Print the lines below word for word, beginning with the first and ending with the line that holds "This Flying Birds", and skip every picture.

(Dataset items)
· · ·
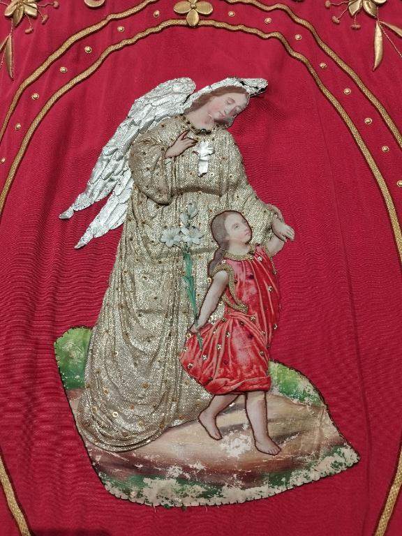 Cette bannière de procession était portée autrefois lors des Fête-Dieu. Elle ne l'est plus depuis une cinquantaine d'années. Elle est conservée dans l'armoire avec les vêtements liturgiques.
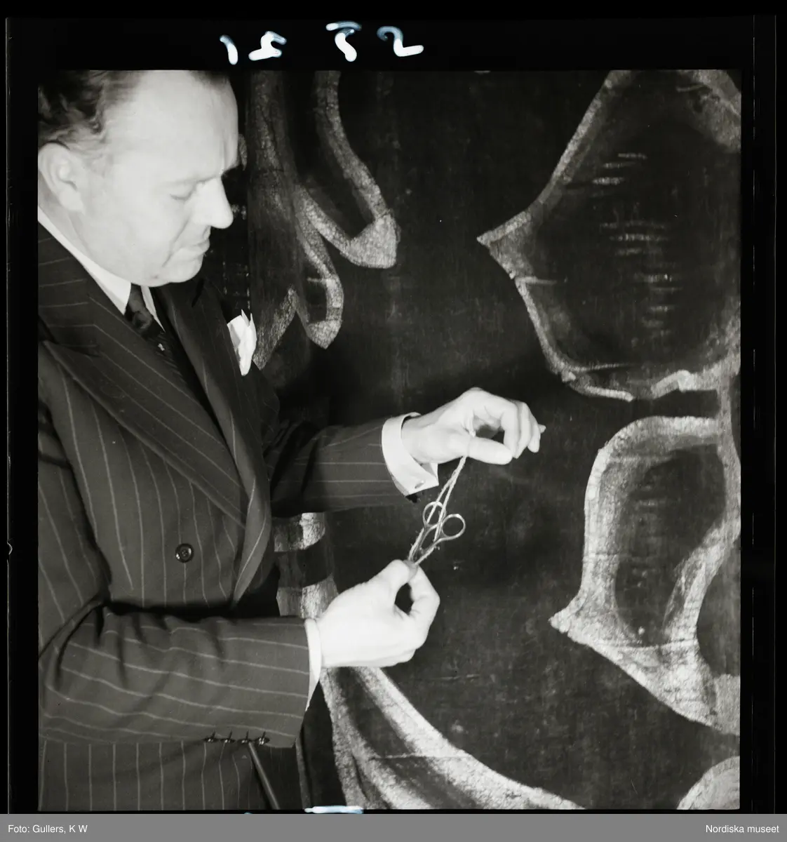 Titel: 568 Trenters reportage. En man utför trolleri-trick med en sax på snöre.
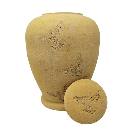 This Flying Birds Natural Sand Biodegradable Urn is beautifully handcrafted by the artisans to give it a smooth decorative look. This urn is suitable for home display, earth, or ocean burial. They will not break down in a display environment. During an ocean burial, the lid will soon lift, allowing the cremains to mingle with the currents.
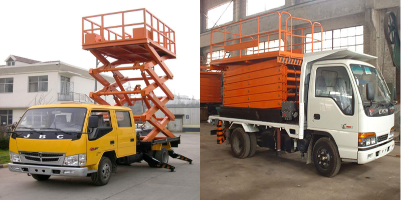 Aerial work equipment for mounting a lift on a car. By special chassis, working arm rack, three-dimensional full swing mechanism, flexible clamping device, hydraulic system, electrical system and safety device, etc.. Special equipment for high-altitude operation, which is composed of a lift and a battery car. It uses an automobile engine or the original DC electric power, without external power supply, can drive and drive the lifting platform, it is convenient to move, operation flow range, the product has no pollution, no exhaust, large operating range, strong liquidity. Especially suitable for cold storage, crowded area (railway station, bus station, airport). Widely used in urban construction, oil field, traffic, municipal and other industries. According to the individual requirements with blackout emergency lowering device, balance valve, automatic pressure safety device, to prevent the aerial lift platform overload safety device, leakage protection device and phase protection device, to prevent the explosion proof safety device for hydraulic pipeline rupture. mounted.
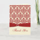 Este cartão de agradecimento em damasco creme e vermelho combina com o convite e outros itens mostrados abaixo.
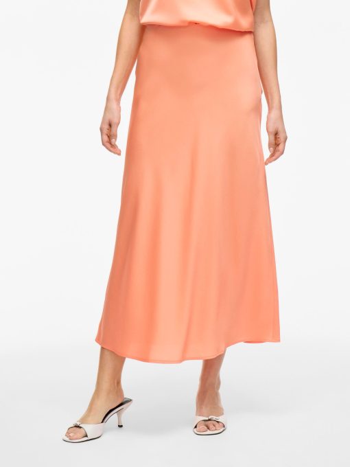 VILA Women’s Viellette High Waist Midi Skirt | Cadmium Orange
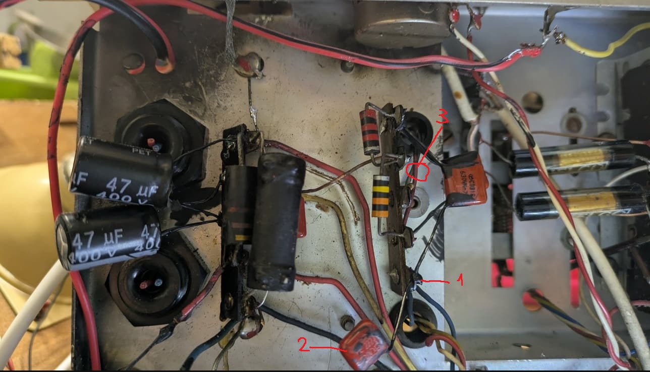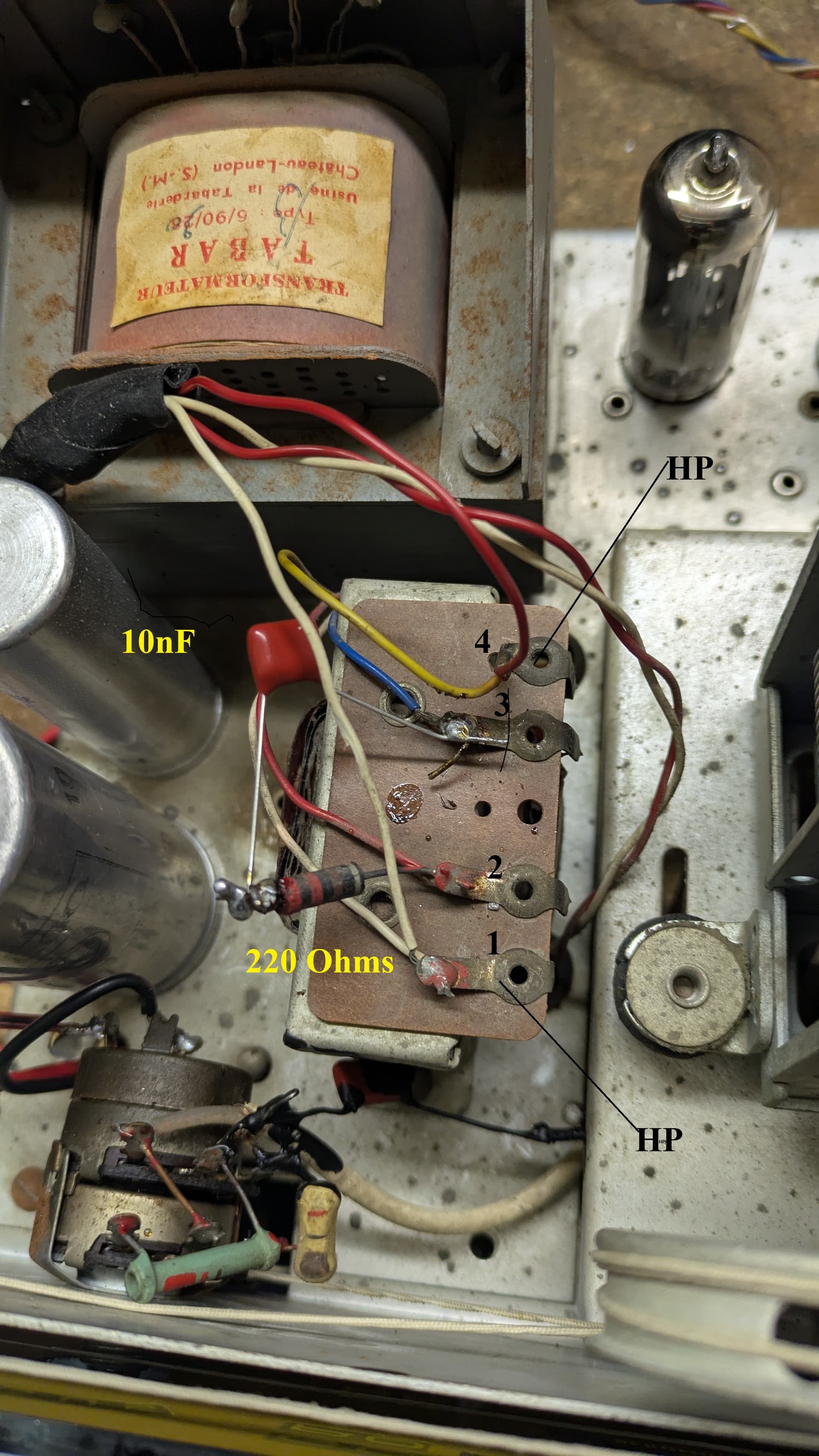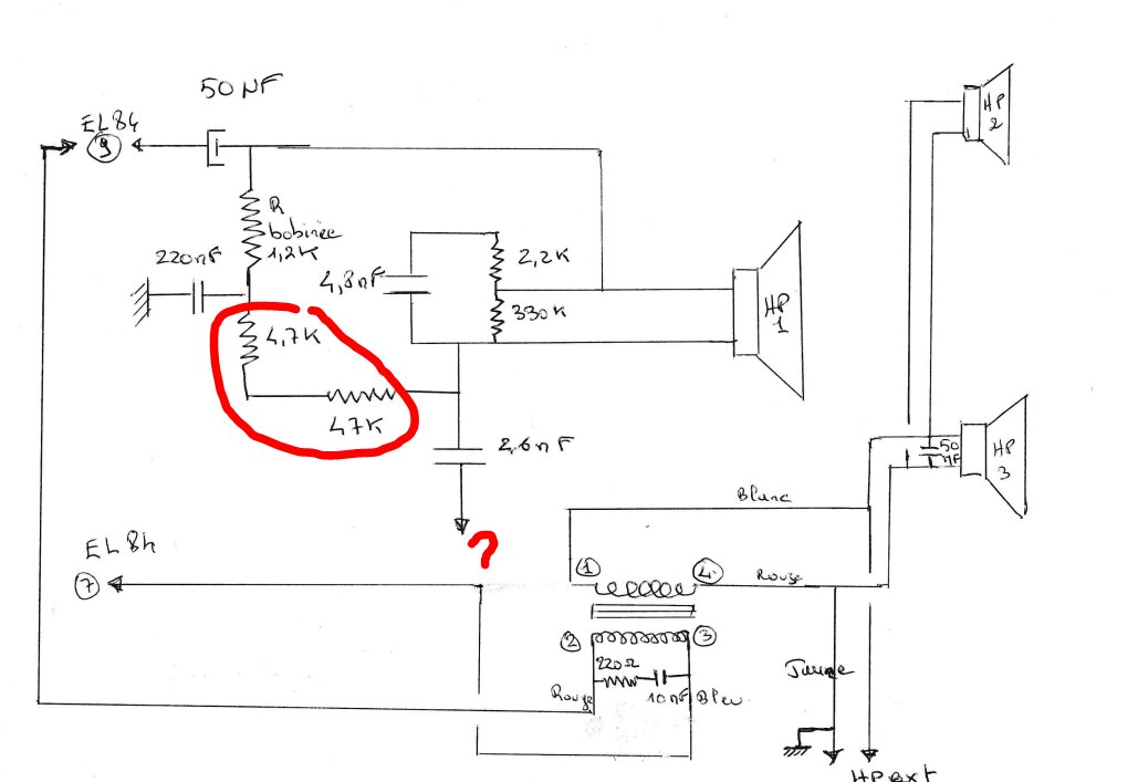 Pour le transfo BF il est déjà équipé au primaire (2-3) d’une résistance de 220 Ohms et d’une capa de 10nF
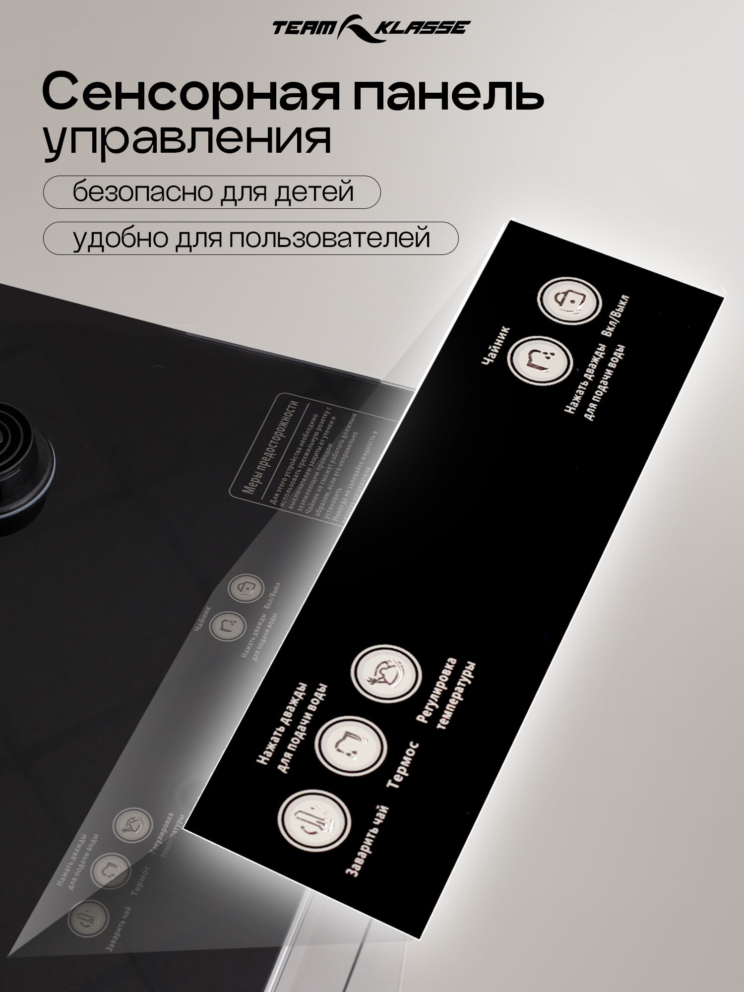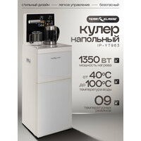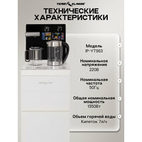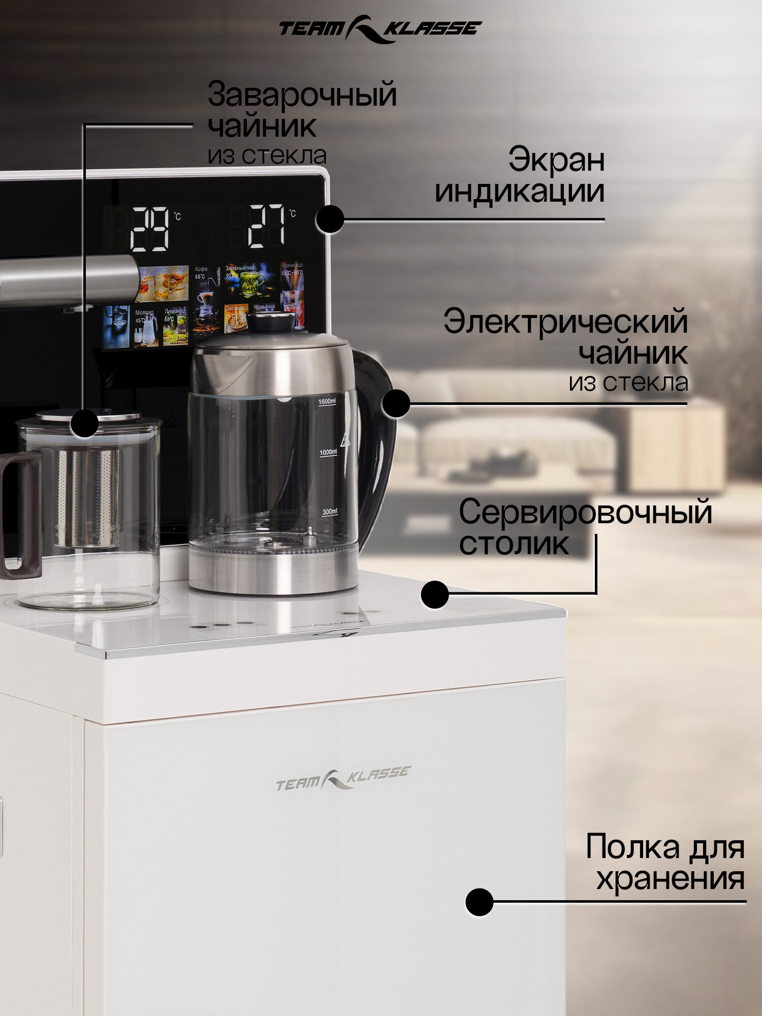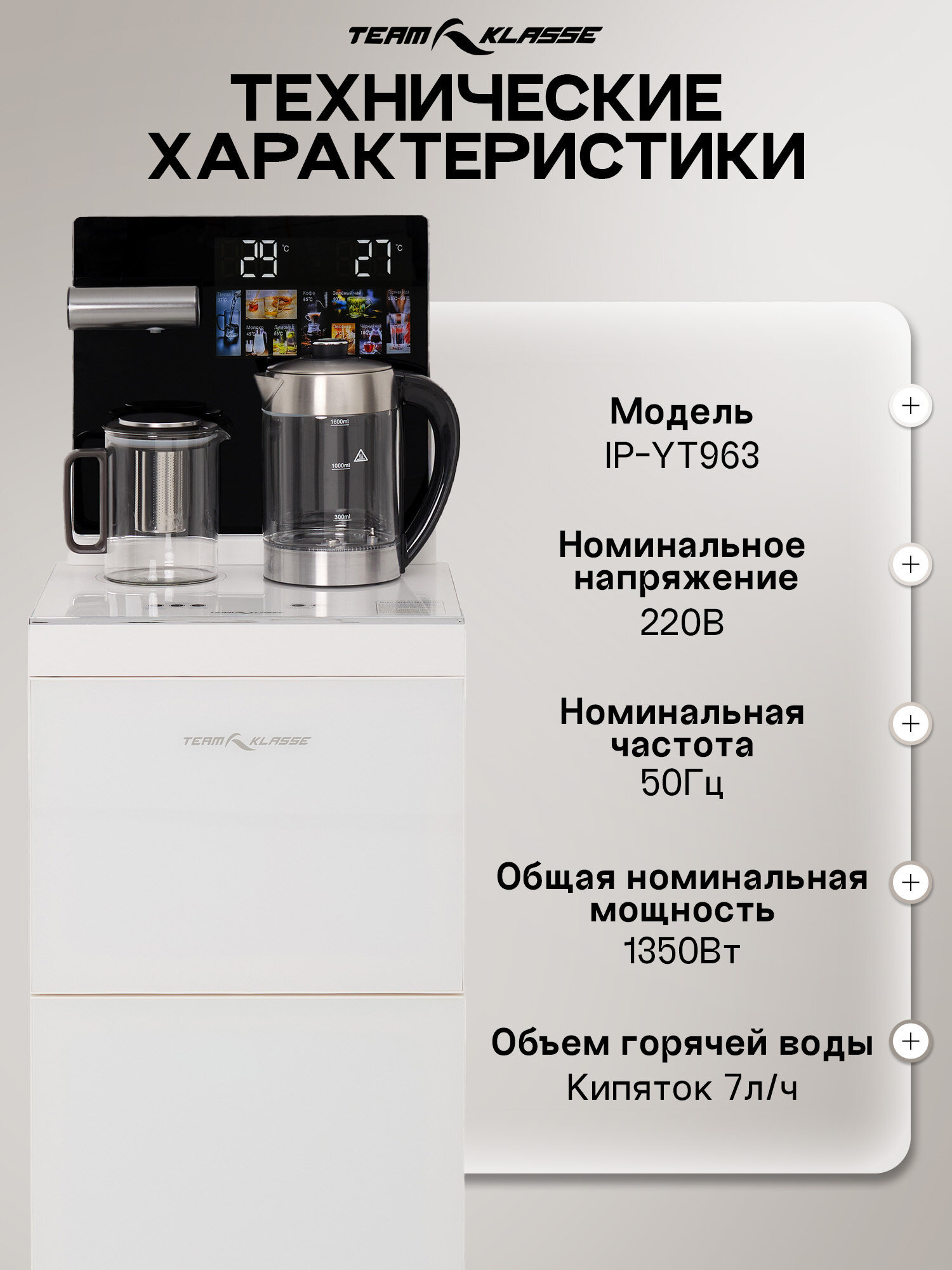 Напольный кулер с чайным столиком Team Klasse IP-YT963 - тиабар с нижней загрузкой бутыли. Два чайника — для кипячения и заварки. Нагрев воды в чайнике до 100°С. Шкафчик для хранения. Управление с помощью сенсорной панели управления на русском языке на столешнице. Верхняя часть представляет собой стойку с двумя кранами направленного типа, совмещенную с информационным дисплеем с индикацией работы аппарата. Функция регулировки температуры воды позволяет задавать нужную температуру воды в чайнике для кипячения в диапазоне от 40°С до 100°С. Функция энергосбережения включается через 5 мин, если аппарат не используется. Функция регулировки времени отключения подогрева заварочного чайника позволяет задавать режим постоянного подогрева чайника на 1-12 часов. Датчик отсутствия воды — при отсутствии воды в чайнике нагрев автоматически отключается. Датчик уровня воды — защита электрического чайника от перелива воды. В комплекте идет дистанционный пульт управления. Подача воды в чайник не требует открытия крышки. Нагрев воды в чайнике включается вручную. Правый кран подает воду непосредственно в чайник. В верхней части корпуса есть шкафчик для хранения продуктов, у шкафчика и отсека для бутыли отдельные дверцы. Для экономии места поставляется в частично разобранном виде, перед использованием требуется сборка.
· · ·
= Answer box =
 Cette bannière de procession était portée autrefois lors des Fête-Dieu. Elle ne l'est plus depuis une cinquantaine d'années. Elle est conservée dans l'armoire avec les vêtements liturgiques.
 Titel: 568 Trenters reportage. En man utför trolleri-trick med en sax på snöre.
 This Flying Birds Natural Sand Biodegradable Urn is beautifully handcrafted by the artisans to give it a smooth decorative look. This urn is suitable for home display, earth, or ocean burial. They will not break down in a display environment. During an ocean burial, the lid will soon lift, allowing the cremains to mingle with the currents.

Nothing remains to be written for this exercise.